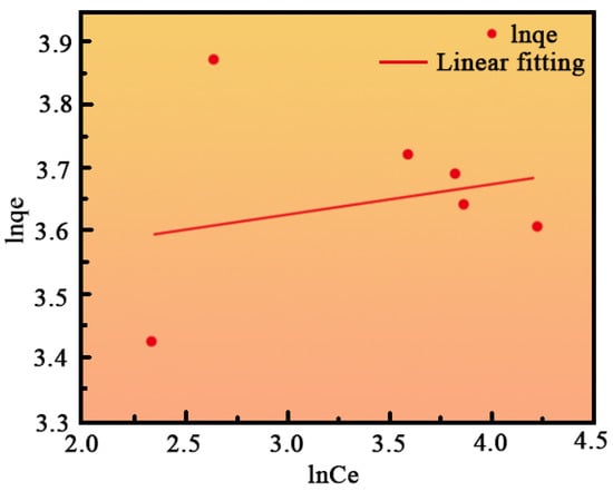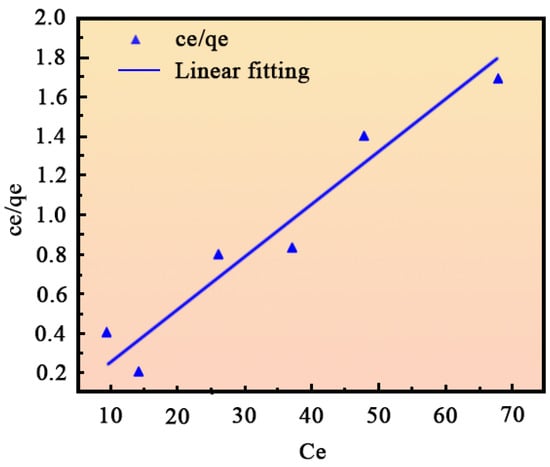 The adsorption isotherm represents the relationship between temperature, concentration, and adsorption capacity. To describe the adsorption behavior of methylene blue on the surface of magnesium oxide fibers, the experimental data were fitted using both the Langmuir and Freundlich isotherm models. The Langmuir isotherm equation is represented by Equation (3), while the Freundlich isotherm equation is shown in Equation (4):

• • • •

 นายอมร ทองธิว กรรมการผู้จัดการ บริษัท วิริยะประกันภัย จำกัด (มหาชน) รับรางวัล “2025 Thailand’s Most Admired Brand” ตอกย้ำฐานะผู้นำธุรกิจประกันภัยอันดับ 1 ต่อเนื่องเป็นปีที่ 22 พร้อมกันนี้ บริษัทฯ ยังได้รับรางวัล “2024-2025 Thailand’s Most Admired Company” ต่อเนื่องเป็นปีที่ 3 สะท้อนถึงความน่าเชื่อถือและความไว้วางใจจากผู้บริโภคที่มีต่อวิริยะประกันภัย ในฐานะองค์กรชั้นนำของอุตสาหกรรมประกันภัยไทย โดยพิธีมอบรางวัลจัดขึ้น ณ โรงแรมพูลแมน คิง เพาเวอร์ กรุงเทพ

• • • •

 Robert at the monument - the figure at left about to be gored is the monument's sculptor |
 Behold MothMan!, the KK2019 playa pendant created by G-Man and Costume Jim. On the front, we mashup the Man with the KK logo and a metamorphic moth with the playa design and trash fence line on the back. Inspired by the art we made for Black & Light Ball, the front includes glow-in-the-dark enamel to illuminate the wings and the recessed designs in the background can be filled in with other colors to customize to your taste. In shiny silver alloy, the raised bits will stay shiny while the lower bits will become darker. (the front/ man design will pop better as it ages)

• • • •

Exercise aim — The response should hold exactly the lines starting at the line with "Robert at the" and ending at the line with "Behold MothMan!, the", and no other line of the material above.

Worked solution —
 Robert at the monument - the figure at left about to be gored is the monument's sculptor |
 Behold MothMan!, the KK2019 playa pendant created by G-Man and Costume Jim. On the front, we mashup the Man with the KK logo and a metamorphic moth with the playa design and trash fence line on the back. Inspired by the art we made for Black & Light Ball, the front includes glow-in-the-dark enamel to illuminate the wings and the recessed designs in the background can be filled in with other colors to customize to your taste. In shiny silver alloy, the raised bits will stay shiny while the lower bits will become darker. (the front/ man design will pop better as it ages)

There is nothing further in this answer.